Legislation would force candidates for California pension boards to report campaign donations

By Cathy Bussewitz, AP
Monday, August 16, 2010

Disclosure considered for Calif. pension boards

SACRAMENTO, Calif. — California lawmakers on Monday voted to require that anyone running for election to the boards of California’s two massive pension funds disclose their campaign contributions.

The move comes at a time when pension funds are under scrutiny for improper influence of board members and executives.

In part, the bill was intended to show whether any financial-services companies that want to do business with the California Public Employees Retirement System, the nation’s largest public pension fund, are trying to influence the candidates. It passed the Assembly on a 69-1 vote and will go back to the Senate.

Pension officials in California and New York have been under scrutiny for their use of so-called placement agents, the middle men who help steer business to private investment firms. One former CalPERS board member, Alfred Villalobos, is being sued by the California attorney general’s office, which is investigating whether he awarded kickbacks to pension fund officials who steered investments to his clients.

The bill, SB1007, would require board members of CalPERS and the California State Teachers’ Retirement System to follow rules similar to those governing candidates running in other elections.

“It’s really important to have transparency in the governance of our pension plans right now,” said Jacob Roper, a spokesman for the bill’s sponsor, state Controller John Chiang. “This is about making sure that everyone is accountable.”

Board members at CalSTRS have no campaign-reporting requirements from the state, although the board initiated its own campaign finance reporting rules in 2006, spokesman Ricardo Duran said.

The rules governing candidates for the CalPERS board are limited to one filing before the election and one filing afterward.

Under the bill, candidates would have to disclose any contribution of $5,000 or more within 10 days of receiving it and any contribution of $1,000 or more within 24 hours during the period immediately before an election.

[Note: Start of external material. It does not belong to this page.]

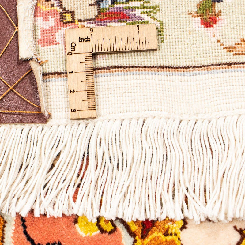 Dieser fein geknüpfte Perserteppich - Täbriz – Royal ist mit hochwertiger Korkwolle, in sorgfältiger und fehlerfreier Handarbeit gefertigt. Der Täbriz 40 Raj gehört zu den schönsten seiner Klasse. Diese Teppiche begründeten den guten Ruf der persischen Knüpfkunst. Er ist ein sehr beliebter Teppich aus einem der besten Knüpfgebiete Persiens. Sie haben oft ein großes, zentral platziertes Medaillon aus schönen Blumenmotiven, ein typisch orientalisches Motiv. Täbriz-Teppiche haben häufig die zusätzliche Bezeichnung Raj. Man unterscheidet zwischen 40, 50, 60, 70, 80 Raj. Je höher die angegebene Zahl ist, desto feiner und dichter ist der Teppich geknüpft. Raj ist eine Qualitätsbezeichnung und bezieht sich auf die Anzahl der Knoten auf einer Breite von ca. 70 mm. Aufgrund der dichten Knüpfung ist der Teppich strapazierfähig, unempfindlich und auch für extreme Benutzung gut geeignet. Klassische Eleganz und Farb-Opulenz zeichnen diesen edlen Teppich aus.

“Those individuals should have the same reporting requirements as legislators because they are trusted with the public’s money,” said Assemblyman Ed Hernandez, D-Baldwin Park, a former chairman of the committee overseeing public employee retirement issues.

Six of CalPERS’ 13 board members are elected to four-year terms in vote-by-mail elections by CalPERS members. Some are elected by all active and retired CalPERS members, while others are elected by just retirees or other subgroups. The remaining CalPERS board members are appointed by the governor or are state officials who are required to serve on the board. The CalPERS board voted to support the legislation in March.

Four of the 12 members of the CalSTRS board are elected. The teachers’ retirement system also supports the bill.

CalPERS provides retirement and health benefits to more than 1.6 million public employees, retirees and family members. The fund was valued at $200 billion as of June 30.

The CalSTRS portfolio was valued at $129.7 billion on June 30. That retirement system serves about 848,000 members.